On the hillside it was quiet, but she heard the wailing from Alder, wafting up in the still night. The souls of the transported lingered like fireflies. The armies were assembled, and the first skirmishes had been fought. With Ben’s passing, she’d won a field promotion. She was now a general, second only to the Beloved.
Mike Toad wanted to say something, but had nothing
to say. His aura was sickly, congealing yellow around his heart. He was coming to the end of his purpose. He was becoming one of the weights that must be set aside. Terry howled at the stars. The Toad cringed.
The first pink of dawn showed. Their night on the mountain was nearly over. Soon, it would be time to go among the multitudes and spread the word. But first, she must lose another weight.
‘Mike Toad,’ she said, pulling him around by his chin to face her, ‘tell us a story, tell us a joke.’
He shook his head, and she nodded slowly, contradicting him.
‘Youm a funny boy. Make I laugh.’
He gulped. Terry stopped howling and cocked an ear to listen. Allison squeezed, thumb digging into Mike’s cheek, nail pressing a crescent of red under his eye.
‘Come on, boy.’
She pulled her hand away. Mike swallowed. He knew she meant it.
‘No… wait… right…’
She watched him collect himself.
‘My girlfriend, right, she’s so fat…’
Allison folded her arms. Mike was having trouble getting his joke straight in his mind, let alone his mouth.

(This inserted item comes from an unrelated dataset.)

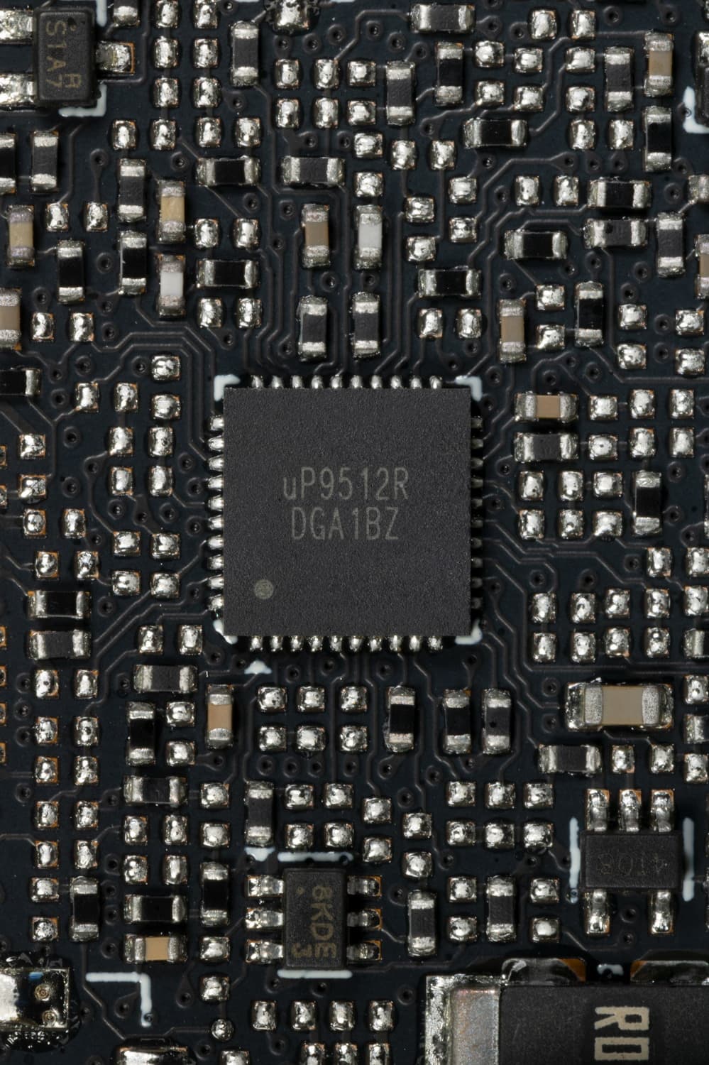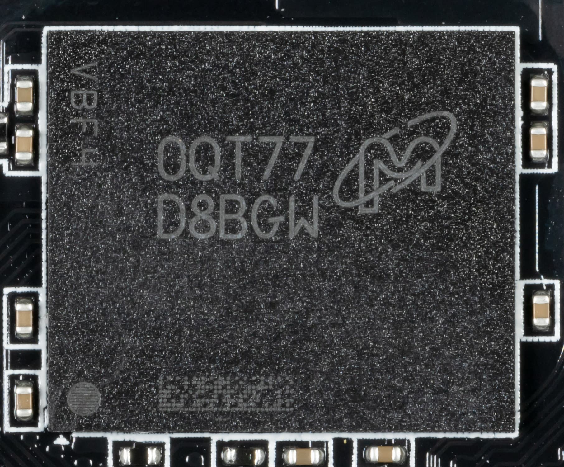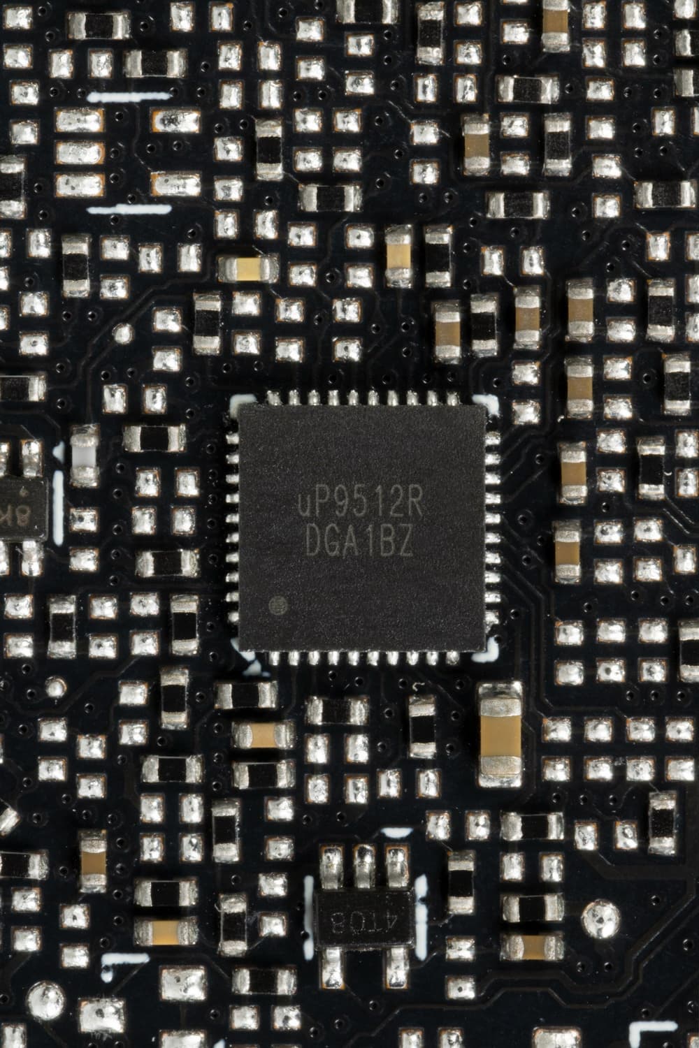 За три фазы питания микросхем памяти отвечает третий контроллер uP9512R, расположенный уже на лицевой стороне карты.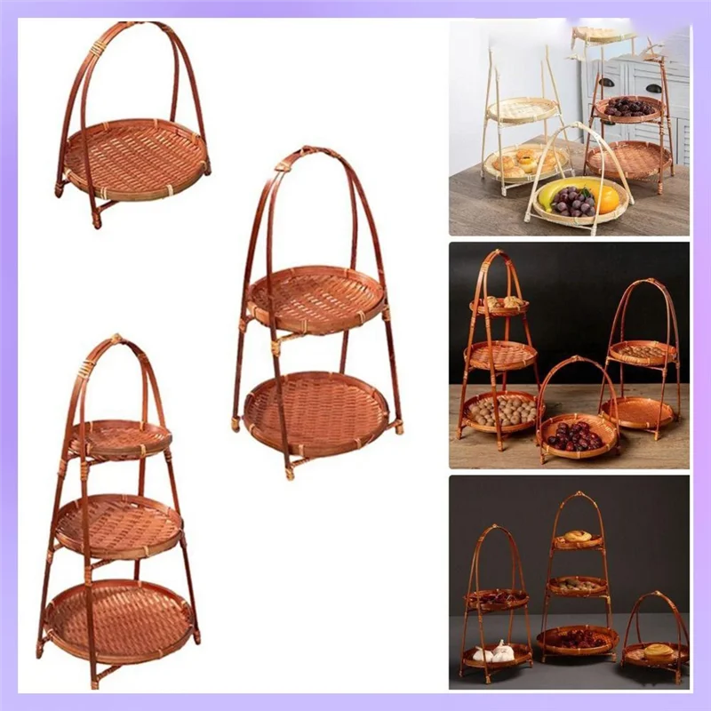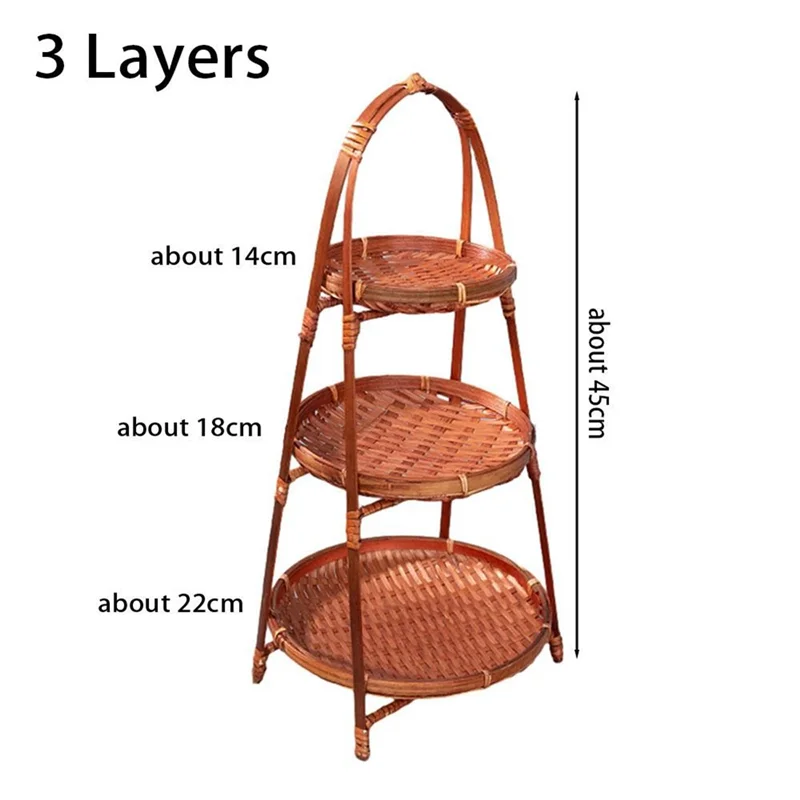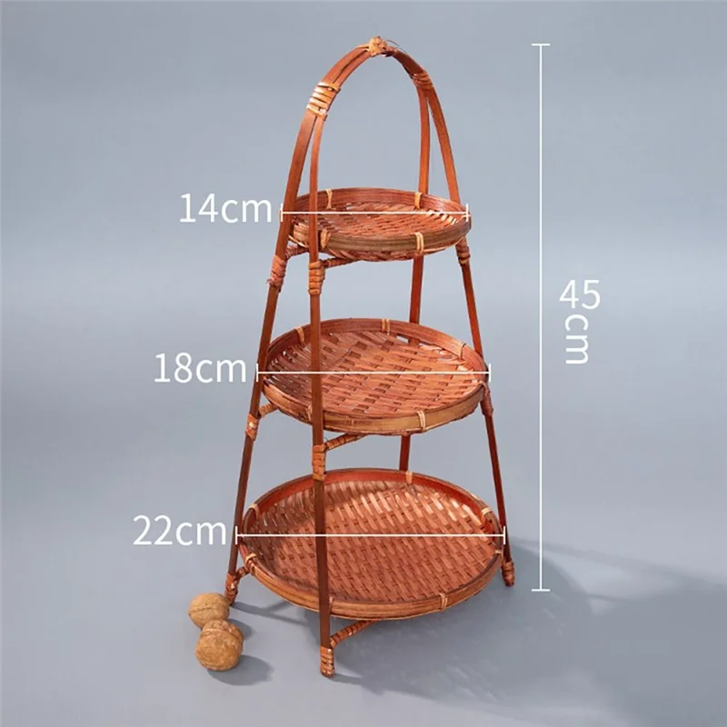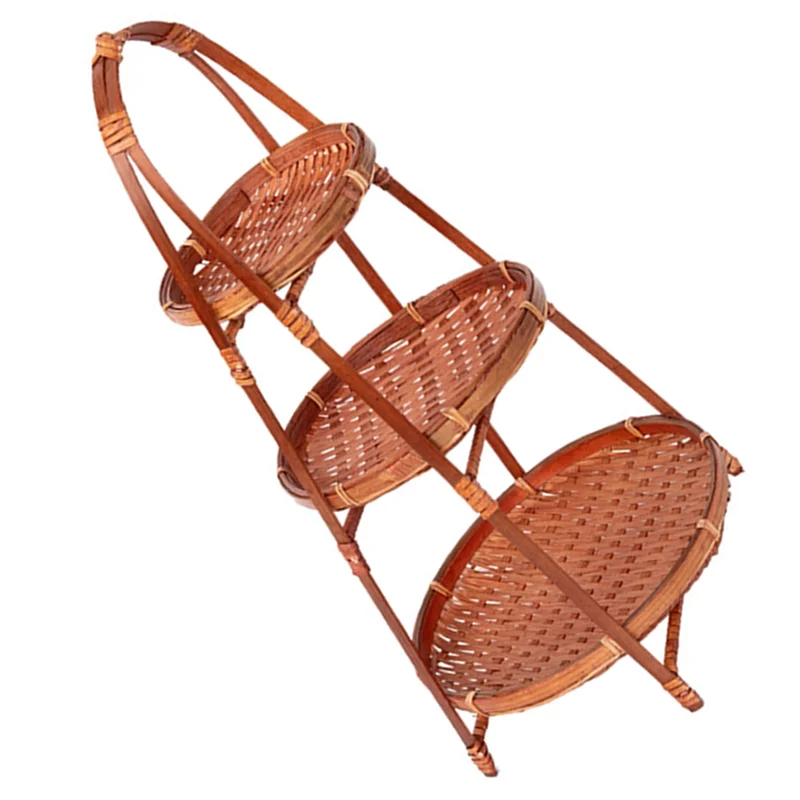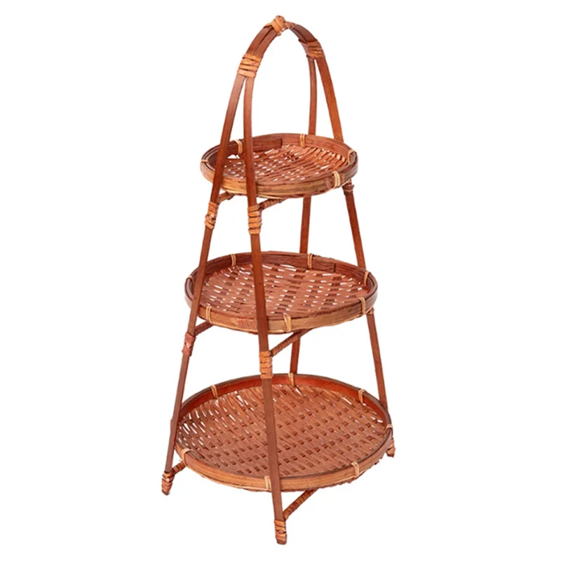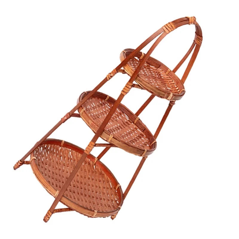 KYCOR-Bambou tissé panier 1 pièces fruits nourriture légumes tissé à la main 3 couches plateau debout panier de rangement multifonction pour la cuisine

‘Fat, right? Yeah, really fat… anyway, she was going through customs at the airport…’
Terry was bunching up his shoulders, muscles tense, head thrust forwards. Allison put a hand on his head, fur prickling under her palm.
‘…and they pull her aside... searching, no, looking... looking for drugs…’
Terry growled in the back of his throat, almost below the range of human ears. Allison felt his readiness to pounce. He was like an Olympic runner on his marks, knees bent, thighs and calves ready to pound ground.
‘…so they strip-search her… they take down her knickers, and what do you think they find?’